Average Topic Exclusivity: 0.04999999993320191


- **Average Topic Exclusivity (0.05):** This score suggests that the topics generated by the model have a relatively low level of exclusivity. In other words, the words within the topics are not highly distinctive and might be shared across multiple topics. This could indicate that the model struggles to create highly distinct and focused topics.

- **Topic Diversity (KL Divergence) (0.527):** Topic diversity, as measured by KL Divergence, indicates the degree of dissimilarity between topics. A score of 0.527 suggests that the topics are somewhat diverse but not highly distinct from each other. This means that there is room for improvement in terms of making the topics more unique and dissimilar.
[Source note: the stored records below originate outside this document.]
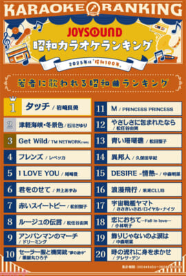「昭和100年」を迎える令和のいま、最も歌われている昭和曲は、1985年にリリースされたアニソンの名曲、岩崎良美さん『タッチ』! 続いて、尾崎豊さん『I LOVE YOU』が2位、演歌のトップを走り続けている石川さゆりさん『津軽海峡・冬景色』が3位と、カラオケ定番曲が上位を占める結果に!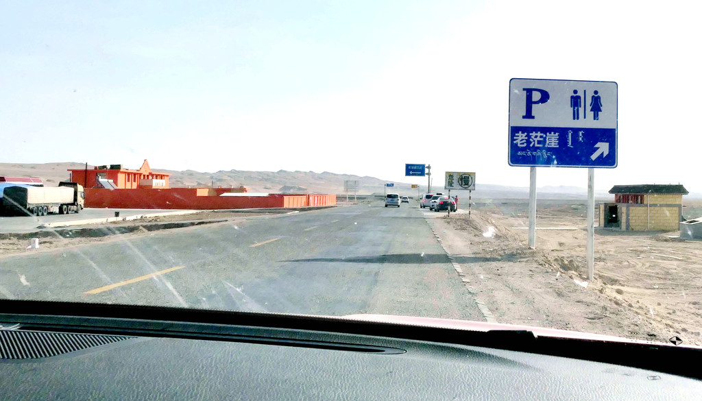 11:34驶经黄瓜梁停车区,仅有的建筑就是一座公厕。“黄瓜梁”也是三岔路口,左手岔路是省道S306,通向“冷湖”,我们10月11日就是沿着这条道路从敦煌方向过来,今日则是走右侧,继续沿国道G315直行,驶往大柴旦(德令哈方向)。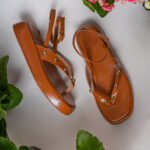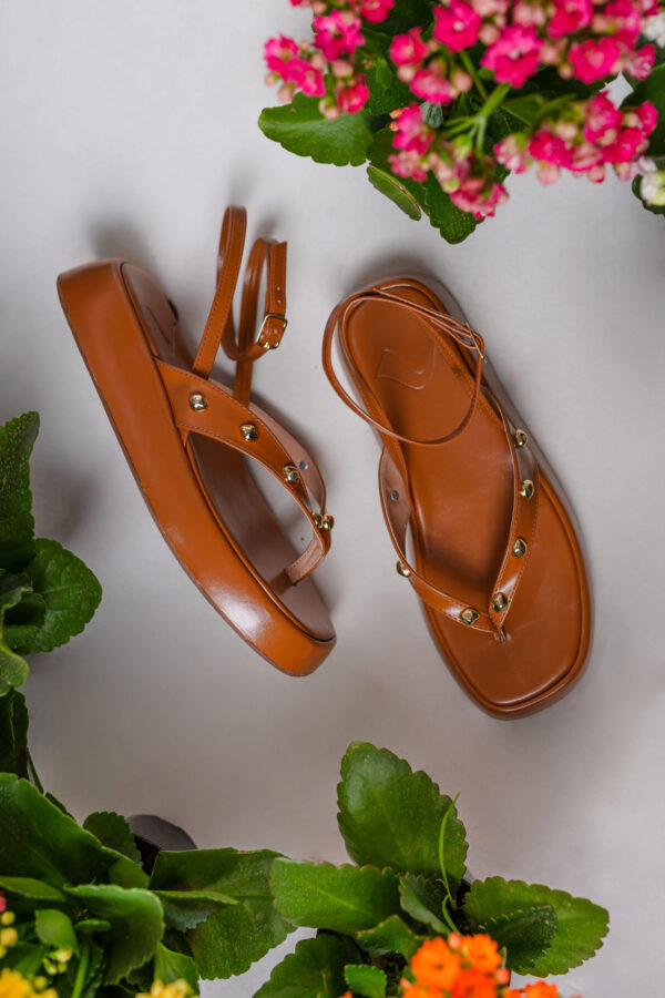 Sandália Papete em couro legítimo, com detalhes dourados presos por tachas. Confeccionados para VIVAGUI.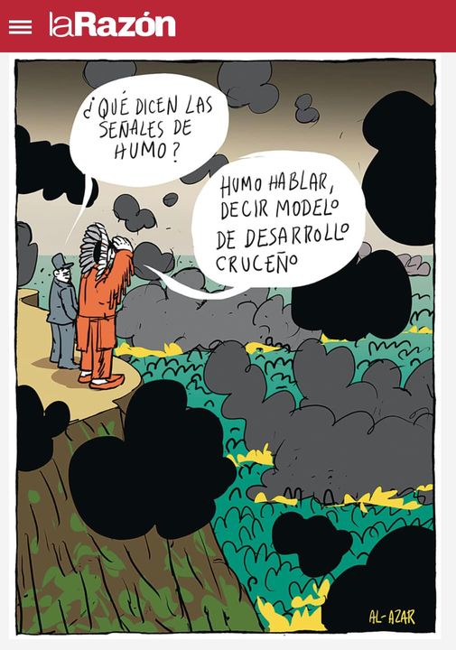 La Razón, con su caricatura del día, se estrella contra el modelo de desarrollo cruceño y lo culpa por las quemas y el humo.

- **Coherence Score (0.694):** The coherence score measures how semantically related the top words within each topic are. A score of 0.694 indicates moderate coherence, implying that the top words in each topic have some meaningful connection, but there is still room for improvement to make the topics more coherent and interpretable.

In summary, the scores collectively suggest that the topic modeling algorithm, as represented by these scores, may need further refinement. The topics generated have low exclusivity, moderate diversity, and moderate coherence. Enhancements to the model's parameters or preprocessing steps could lead to more distinct, diverse, and coherent topics, resulting in a more effective representation of the underlying structure in the text data.